The response must consist of the lines below from the one with "bowl, bread, cottage" through the one with "Görüntülerde kaldırımda yürüyen", exactly as they appear and with both ends kept.

§ Given entries:

....................

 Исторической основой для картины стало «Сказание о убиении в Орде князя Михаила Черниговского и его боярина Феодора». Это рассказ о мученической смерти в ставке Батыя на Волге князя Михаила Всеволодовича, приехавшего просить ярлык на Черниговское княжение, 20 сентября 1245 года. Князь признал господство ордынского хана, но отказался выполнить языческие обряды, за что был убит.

....................

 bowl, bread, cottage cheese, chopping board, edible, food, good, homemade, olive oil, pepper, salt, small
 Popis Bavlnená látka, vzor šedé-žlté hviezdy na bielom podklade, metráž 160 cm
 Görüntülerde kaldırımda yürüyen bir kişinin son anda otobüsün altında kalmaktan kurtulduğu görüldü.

....................

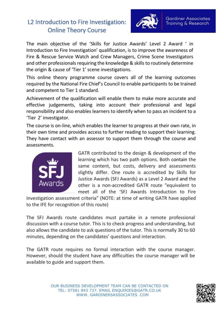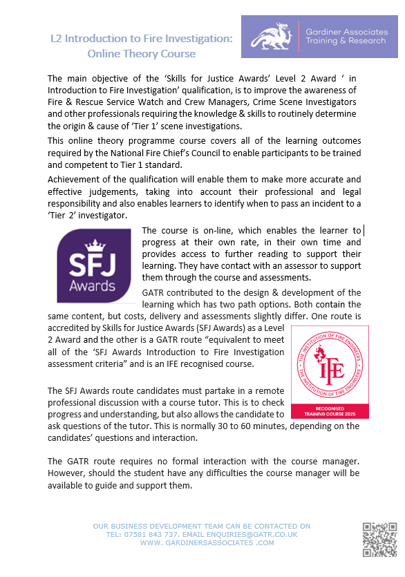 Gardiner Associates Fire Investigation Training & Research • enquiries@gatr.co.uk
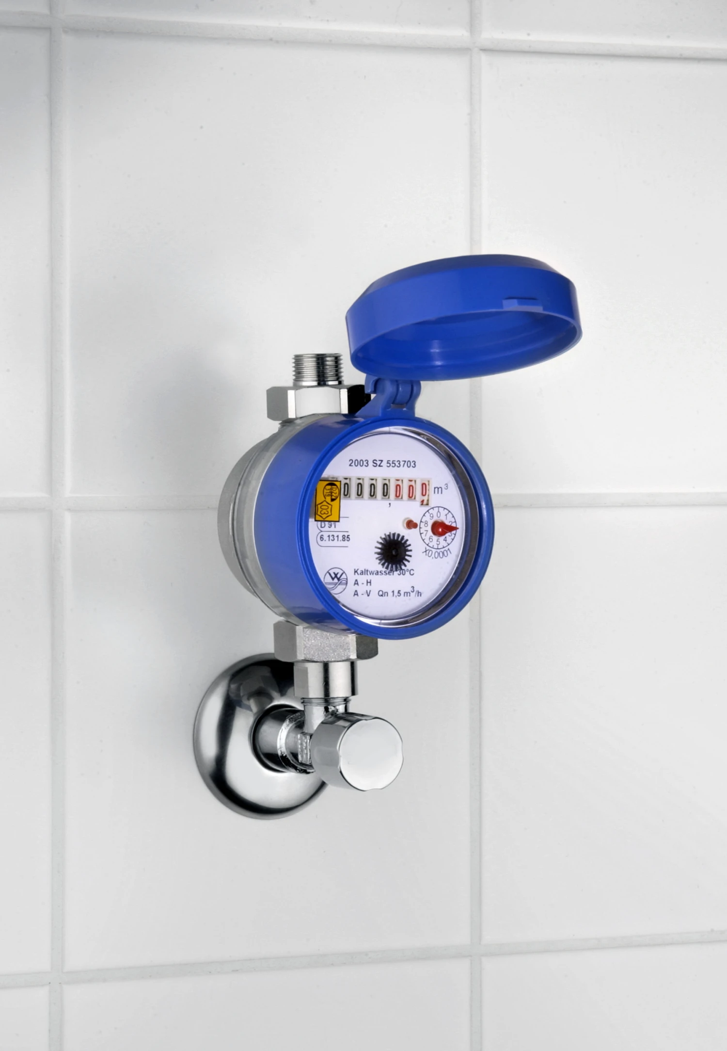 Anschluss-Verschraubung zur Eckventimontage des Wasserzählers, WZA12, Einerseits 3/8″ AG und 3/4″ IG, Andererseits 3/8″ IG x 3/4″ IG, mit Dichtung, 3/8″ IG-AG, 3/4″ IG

....................

§ Finished task:
 bowl, bread, cottage cheese, chopping board, edible, food, good, homemade, olive oil, pepper, salt, small
 Popis Bavlnená látka, vzor šedé-žlté hviezdy na bielom podklade, metráž 160 cm
 Görüntülerde kaldırımda yürüyen bir kişinin son anda otobüsün altında kalmaktan kurtulduğu görüldü.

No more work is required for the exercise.